What to work on
The answer is to be the lines below that lie between the line holding "Polo d'affaires décontracté" and the line holding "柔らかなペールカラー。少しく", inclusive, transcribed exactly and free of pictures.

Study material
......

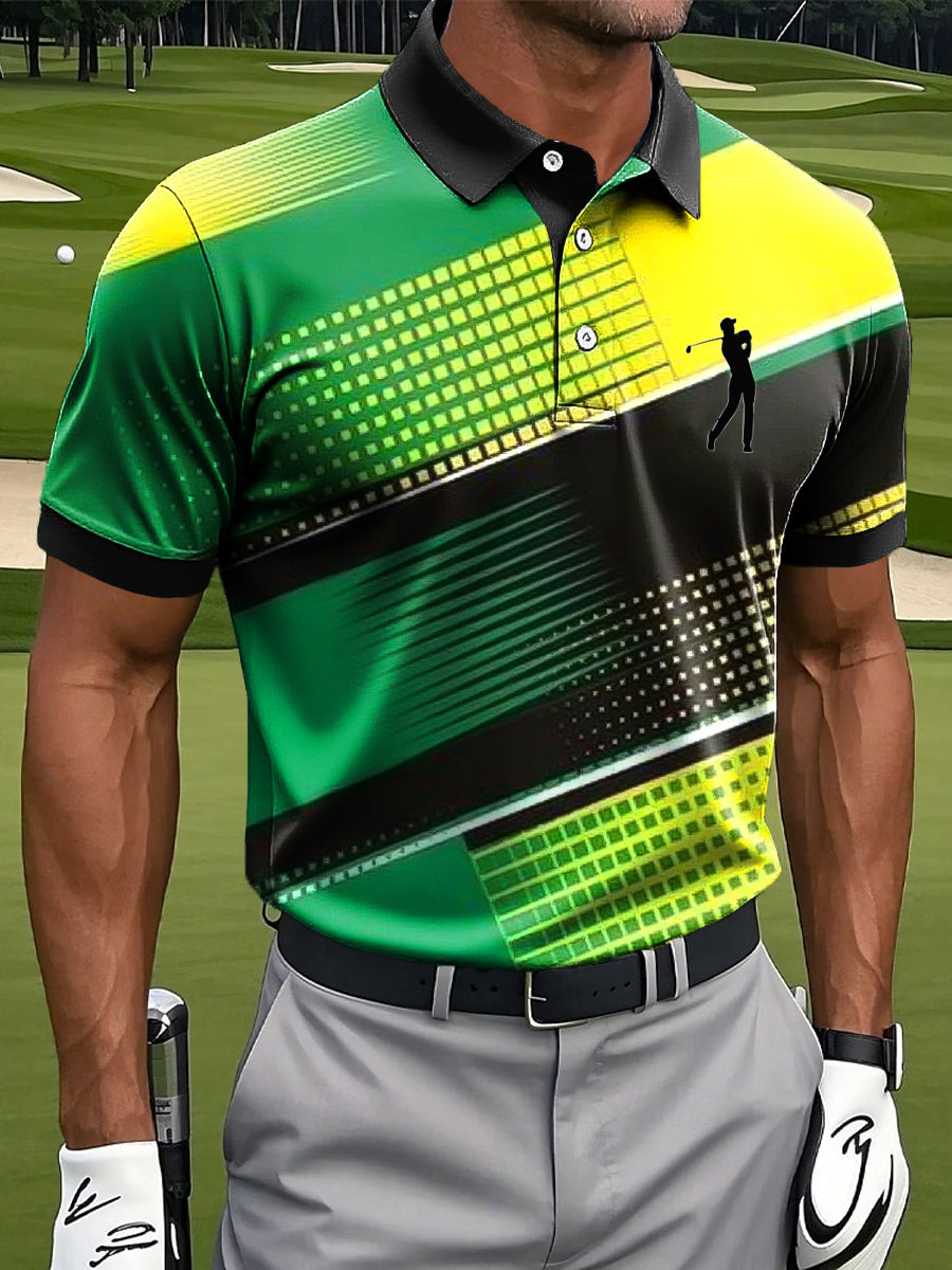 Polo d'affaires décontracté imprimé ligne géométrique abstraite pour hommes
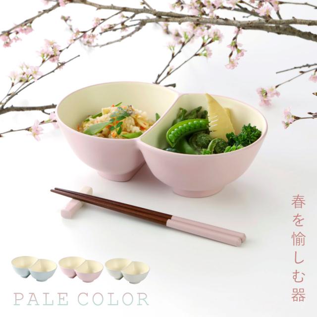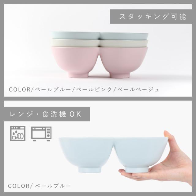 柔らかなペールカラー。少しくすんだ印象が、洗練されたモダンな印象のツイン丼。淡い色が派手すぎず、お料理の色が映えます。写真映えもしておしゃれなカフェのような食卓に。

......

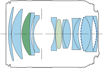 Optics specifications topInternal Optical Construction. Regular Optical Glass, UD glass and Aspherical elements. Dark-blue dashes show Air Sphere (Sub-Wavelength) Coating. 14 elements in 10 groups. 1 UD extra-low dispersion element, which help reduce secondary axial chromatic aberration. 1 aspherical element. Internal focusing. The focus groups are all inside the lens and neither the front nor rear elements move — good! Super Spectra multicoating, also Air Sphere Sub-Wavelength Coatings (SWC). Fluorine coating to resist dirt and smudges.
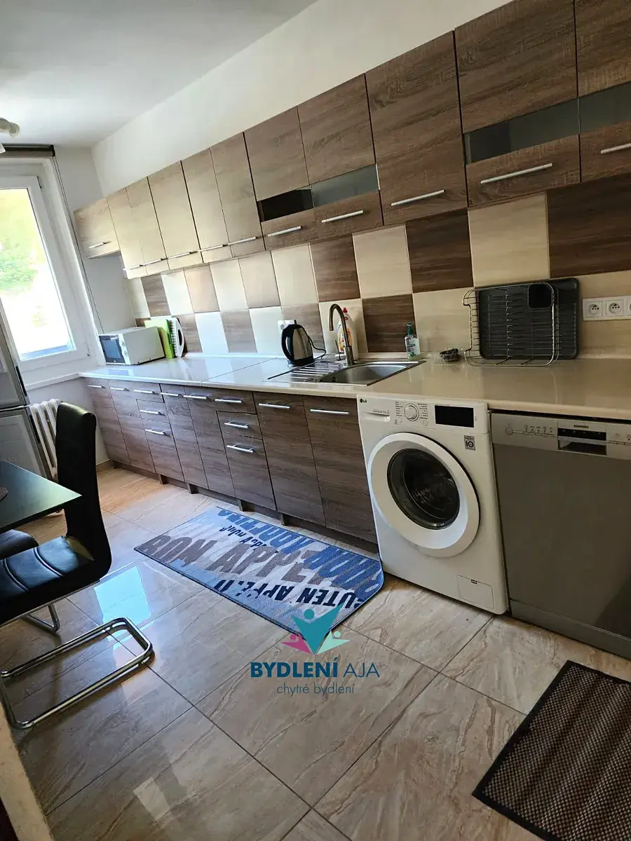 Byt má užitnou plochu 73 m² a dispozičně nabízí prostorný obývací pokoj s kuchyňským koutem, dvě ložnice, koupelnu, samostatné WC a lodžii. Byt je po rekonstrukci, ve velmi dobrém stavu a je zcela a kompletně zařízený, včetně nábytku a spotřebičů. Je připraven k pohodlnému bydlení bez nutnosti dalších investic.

......

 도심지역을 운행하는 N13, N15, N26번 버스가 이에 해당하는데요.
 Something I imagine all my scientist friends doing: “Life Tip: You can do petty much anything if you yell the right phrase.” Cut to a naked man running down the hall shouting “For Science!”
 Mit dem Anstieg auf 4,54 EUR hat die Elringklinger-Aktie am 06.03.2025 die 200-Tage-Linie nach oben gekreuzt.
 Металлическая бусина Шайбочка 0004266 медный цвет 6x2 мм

......

Reply to the task
 Polo d'affaires décontracté imprimé ligne géométrique abstraite pour hommes
 柔らかなペールカラー。少しくすんだ印象が、洗練されたモダンな印象のツイン丼。淡い色が派手すぎず、お料理の色が映えます。写真映えもしておしゃれなカフェのような食卓に。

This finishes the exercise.